Should anyone be in the mood for a mass CFD or indeed a spot of rogue adminship there's a target for you... --kingboyk 19:30, 10 January 2007 (UTC)
- Eh, unless they're causing problems, I wouldn't bother. If the project in question finds them useful, I see no reason to get rid of them. Kirill Lokshin 19:37, 10 January 2007 (UTC)
- I'll bet you a dollar they don't actually find them useful ;) Seemed like a good idea at the time though no doubt.
- Seriously, I think it gives the assessment scheme a bad name if it's seen to grow to such ludicrous proportions. Just my 2c. You can have the other 98c later. --kingboyk 19:40, 10 January 2007 (UTC)

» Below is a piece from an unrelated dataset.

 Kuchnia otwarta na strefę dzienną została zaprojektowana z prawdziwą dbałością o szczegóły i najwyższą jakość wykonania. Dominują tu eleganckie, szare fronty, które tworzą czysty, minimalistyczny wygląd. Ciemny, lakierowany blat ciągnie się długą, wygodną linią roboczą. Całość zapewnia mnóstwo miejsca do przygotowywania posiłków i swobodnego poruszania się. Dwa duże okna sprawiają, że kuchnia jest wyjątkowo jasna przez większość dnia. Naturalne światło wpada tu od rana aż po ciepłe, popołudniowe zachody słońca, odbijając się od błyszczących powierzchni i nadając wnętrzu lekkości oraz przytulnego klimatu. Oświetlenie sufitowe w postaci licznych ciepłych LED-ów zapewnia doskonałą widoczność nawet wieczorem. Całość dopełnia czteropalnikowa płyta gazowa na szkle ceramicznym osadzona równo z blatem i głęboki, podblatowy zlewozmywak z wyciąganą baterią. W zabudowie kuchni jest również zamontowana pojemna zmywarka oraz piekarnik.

- We ought to ask the project about it, at the least.
- (Obviously, though, I'm a bit biased; I have my own reasons for not wanting people to start taking an axe to assessment categories. ;-) Kirill Lokshin 19:49, 10 January 2007 (UTC)

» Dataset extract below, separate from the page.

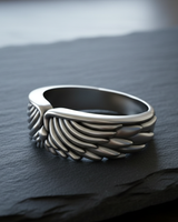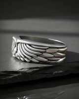 Soar above the ordinary with this exquisite Silver Angel Wing Ring, a powerful symbol of freedom, protection, and spiritual connection. Expertly handcrafted from premium 925 sterling silver, this statement piece features detailed plumage that wraps elegantly around the finger, creating a seamless and comfortable fit. The intricate feather detailing brings exceptional depth and texture to the design, showcasing the dedication of skilled artisans. Ideally suited for biker jewelry enthusiasts and those who appreciate angelic motifs alike, this ring stands out with its bold yet refined aesthetic. Available in a luxurious rose gold plated finish or classic silver, this Silver Angel Wing Ring offers versatility for any personal style. Whether you are searching for a meaningful gift for a loved one or a striking addition to your own jewelry collection, this durable accessory embodies superior craftsmanship. Elevate your daily look with this unique wing band that perfectly balances rugged biker charm with graceful elegance.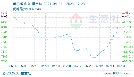 07月23日苯乙烯8100.00元/噸 10天上漲6.93%

- Their problem, I'd say. :) Oleg Alexandrov (talk) 03:44, 11 January 2007 (UTC)
- 'oly 'hit, you guys are insane. :) Titoxd(?!?) 05:52, 22 January 2007 (UTC)
WikiProject Canada template problem
This template has a variable "type", which allows the item to be labeled a temple/list/category. But it doesn't work if its assessed NA-class. See Talk:Lieutenant Governors of Nova Scotia for it working, and Template talk:St. John's landmarks for it not working. Any ideas? - Trevor MacInnis (Contribs) 01:05, 13 January 2007 (UTC)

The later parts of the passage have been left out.